When U.S. corn growing champion David Hula mentioned during a recent speech at a DuPont Pioneer high yield awards dinner in Stratford that he routinely includes sulphur, zinc and boron in his starter it was just what Dr. Tarlok Singh Sahota wanted to hear. The research manager at the Thunder Bay Research Station has been seeing the benefits of micronutrient applications in his plots for some time. Based on his observations, boron is becoming more deficient in soils, especially where more potassium and nitrogen fertilizer is used. Asked for his experience with crop response to boron, Sahota says producers should include boron in their soil test and, if the test is lower than one ppm, apply the micronutrient. “We have been doing this at Thunder Bay for years now and found beneficial results both on-station and on farms.”
Sahota says growers need to look beyond N, P and K when planning their fertility program. Canola growers are recognizing the importance of having sulphur in their program and boron may be the next nutrient to require attention. He says corn producers should focus on sulphur, zinc and boron.

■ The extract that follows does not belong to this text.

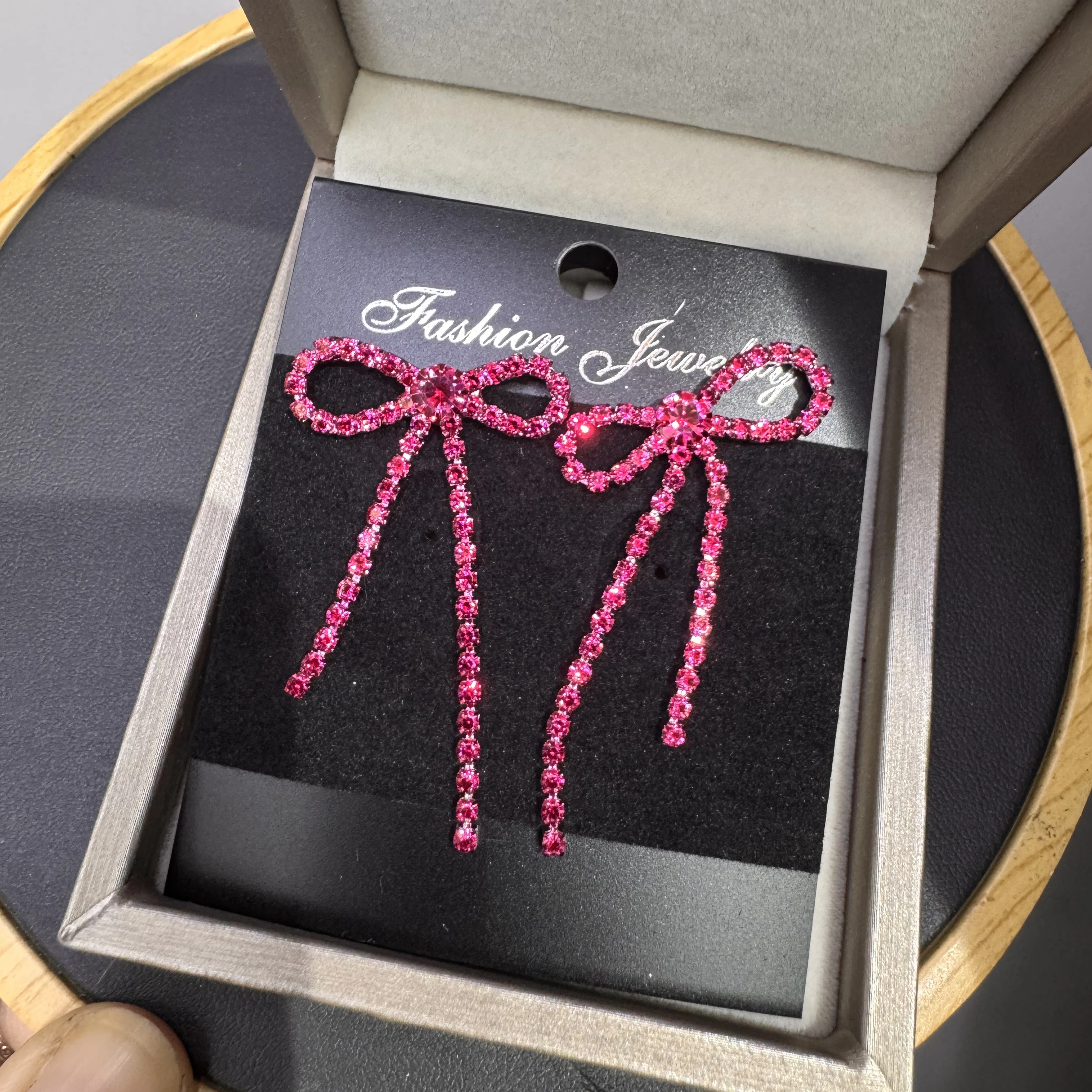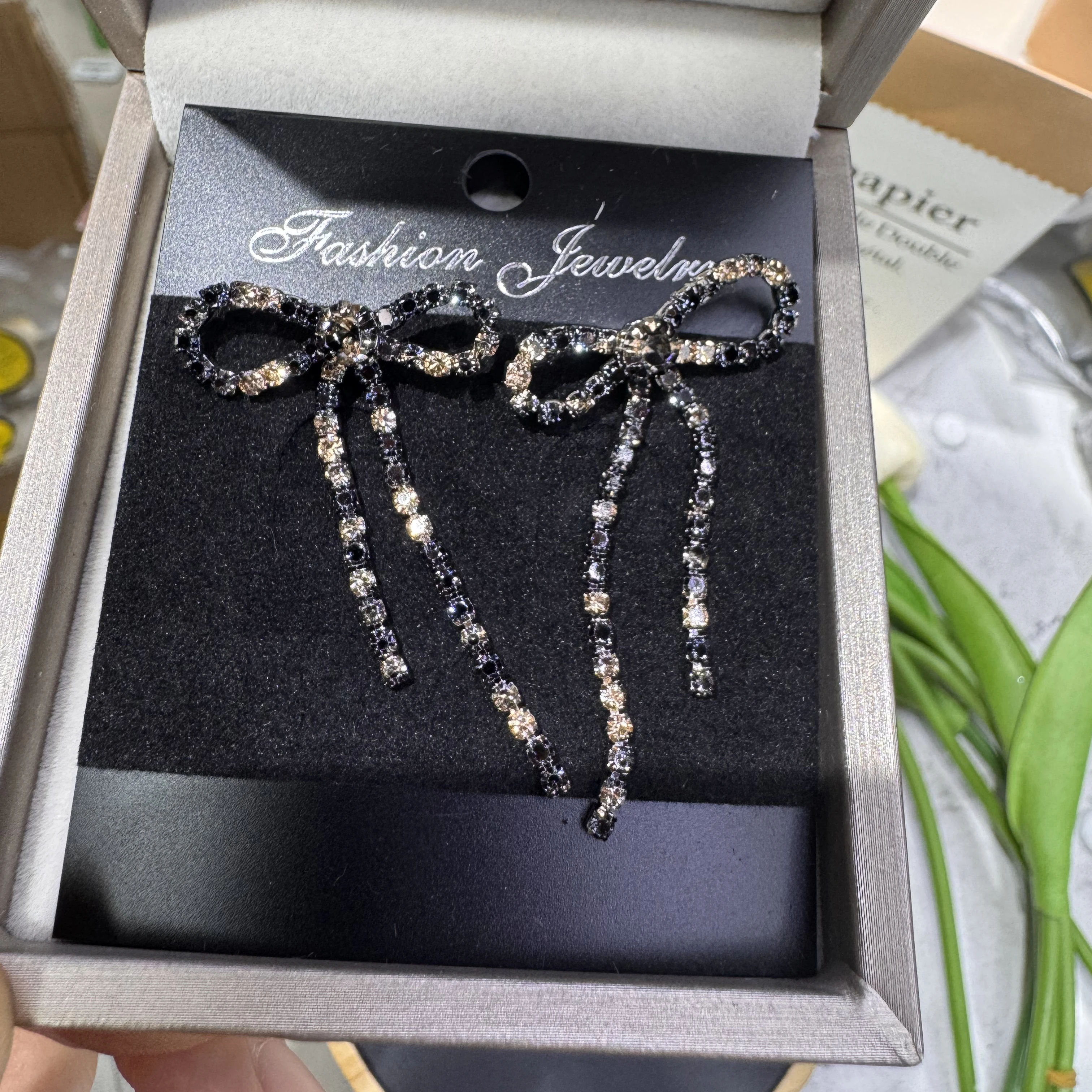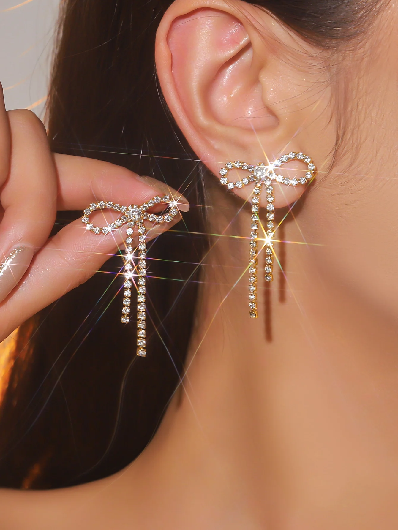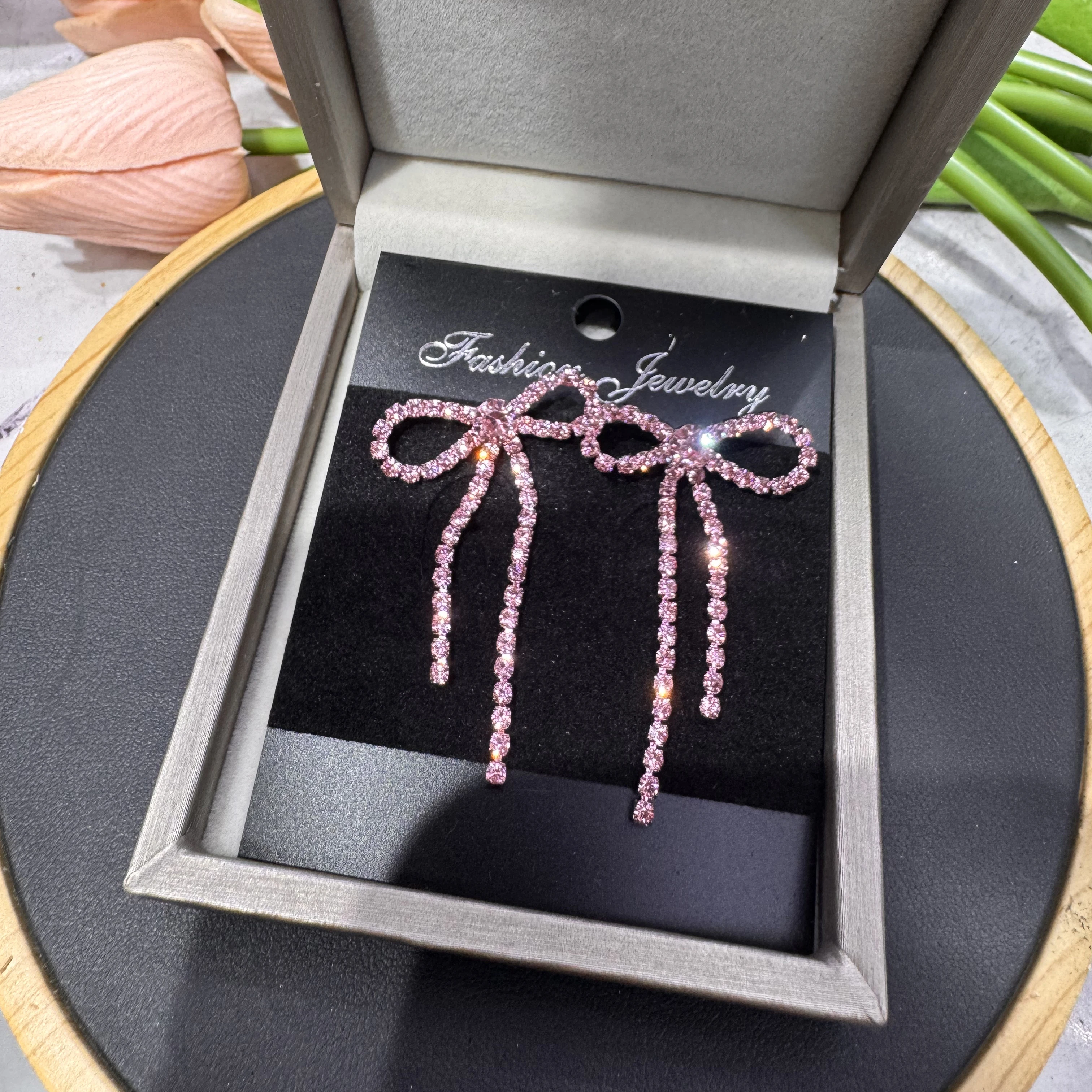 colourful Bow Earrings for Women Rhinestone Long Tassel Earrings Black Stainless Steel Dangle Earrings Cute Sparkly Jewelry

While he admits that boron soil tests aren’t always reliable, Sahota says shortages will show up in the crop. For example, in alfalfa the top internodes will become shorter and the top leaves may become rusty in appearance. Those symptoms may not be apparent in corn but the crop may still suffer from so-called ‘hidden hunger’. While such crops may not show deficiency symptoms, there will be a yield impact, he says. In a dry year unfilled cob tops could point towards boron deficiency, he says. Tissue tests will tell the story but, at that time, it’s too late to make corrections. Sahota says having less than 20 ppm of boron in the upper third of the alfalfa plant at harvest or if the leaf opposite to the corn ear at silking has less than two ppm of boron, the crops would be considered deficient.
Sahota says boron availability is restricted in dry weather. If the soil has sufficient boron, a rain will fix the situation. “For example, an alfalfa crop with shorter internodes will outgrow that stage after a good rain; the new internodes will be of normal length though the older shorter internodes will remain short.” But if the rain is particularly heavy, boron may also leach from the soil, especially in sandy soils. Those soils are more likely to show deficiencies, he says. Most of the boron in soils is bound by the organic matter and released as that organic matter decomposes. Soils with between one and five ppm boron are considered adequate in boron, he says.
Sahota’s recommendation for boron application is to add one kilogram of actual boron per hectare. “But we have applied higher amounts (up to 2.25 kg/ ha) advantageously.” While there is concern about boron toxicity, Sahota says he’s only seen that situation in textbooks. Still, he warns against over-application. In a low or deficient soil, one kilo per hectare may not be enough, he says.
Boron is also affected by soil pH, Sahota explains. It’s more available in acidic soils but that increased solubility also means it’s more likely to leach away in lower pH situations. “Liming of the acidic soils to improve soil pH could restrict boron availability,” he says. The most boron-responsive crops are alfalfa, sugarbeet, cauliflower and celery. Tomato, cabbage, carrots, clover, lettuce and radish would be in the medium category, while corn, cereals, pasture grasses, potato, soybean and blueberries are less responsive. But, if boron is low in the soil, even these crops will respond well to an application, he says.